- _Available data_:
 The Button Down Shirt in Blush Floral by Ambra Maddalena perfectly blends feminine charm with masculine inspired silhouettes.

==

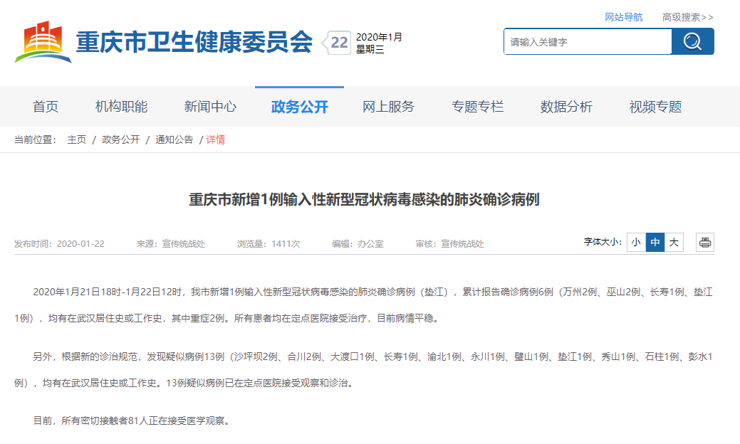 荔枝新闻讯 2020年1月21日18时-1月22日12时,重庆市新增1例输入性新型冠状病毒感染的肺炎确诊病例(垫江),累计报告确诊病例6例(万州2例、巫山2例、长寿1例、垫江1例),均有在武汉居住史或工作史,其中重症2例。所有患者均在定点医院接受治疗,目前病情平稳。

==

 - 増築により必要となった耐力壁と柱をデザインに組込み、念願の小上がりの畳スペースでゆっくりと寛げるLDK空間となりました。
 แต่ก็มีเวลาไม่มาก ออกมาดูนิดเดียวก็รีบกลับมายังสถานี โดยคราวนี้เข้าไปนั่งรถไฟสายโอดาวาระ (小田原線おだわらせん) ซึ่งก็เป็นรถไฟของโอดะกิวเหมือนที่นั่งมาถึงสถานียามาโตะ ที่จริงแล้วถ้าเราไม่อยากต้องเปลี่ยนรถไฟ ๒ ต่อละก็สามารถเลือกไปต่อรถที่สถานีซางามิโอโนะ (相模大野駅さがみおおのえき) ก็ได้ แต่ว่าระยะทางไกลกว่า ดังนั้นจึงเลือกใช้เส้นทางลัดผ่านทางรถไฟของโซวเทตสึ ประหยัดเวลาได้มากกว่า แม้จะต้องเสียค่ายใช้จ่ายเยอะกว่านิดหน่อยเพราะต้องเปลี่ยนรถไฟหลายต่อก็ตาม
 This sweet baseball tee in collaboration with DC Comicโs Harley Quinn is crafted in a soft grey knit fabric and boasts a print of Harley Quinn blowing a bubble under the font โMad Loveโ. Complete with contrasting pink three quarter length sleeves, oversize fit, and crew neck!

- _Task_: Every line above from the line with "- 増築により必要となった耐" to the line with "This sweet baseball" is wanted, ends included; write them out exactly and add no other line.

- _Your response_:
 - 増築により必要となった耐力壁と柱をデザインに組込み、念願の小上がりの畳スペースでゆっくりと寛げるLDK空間となりました。
 แต่ก็มีเวลาไม่มาก ออกมาดูนิดเดียวก็รีบกลับมายังสถานี โดยคราวนี้เข้าไปนั่งรถไฟสายโอดาวาระ (小田原線おだわらせん) ซึ่งก็เป็นรถไฟของโอดะกิวเหมือนที่นั่งมาถึงสถานียามาโตะ ที่จริงแล้วถ้าเราไม่อยากต้องเปลี่ยนรถไฟ ๒ ต่อละก็สามารถเลือกไปต่อรถที่สถานีซางามิโอโนะ (相模大野駅さがみおおのえき) ก็ได้ แต่ว่าระยะทางไกลกว่า ดังนั้นจึงเลือกใช้เส้นทางลัดผ่านทางรถไฟของโซวเทตสึ ประหยัดเวลาได้มากกว่า แม้จะต้องเสียค่ายใช้จ่ายเยอะกว่านิดหน่อยเพราะต้องเปลี่ยนรถไฟหลายต่อก็ตาม
 This sweet baseball tee in collaboration with DC Comicโs Harley Quinn is crafted in a soft grey knit fabric and boasts a print of Harley Quinn blowing a bubble under the font โMad Loveโ. Complete with contrasting pink three quarter length sleeves, oversize fit, and crew neck!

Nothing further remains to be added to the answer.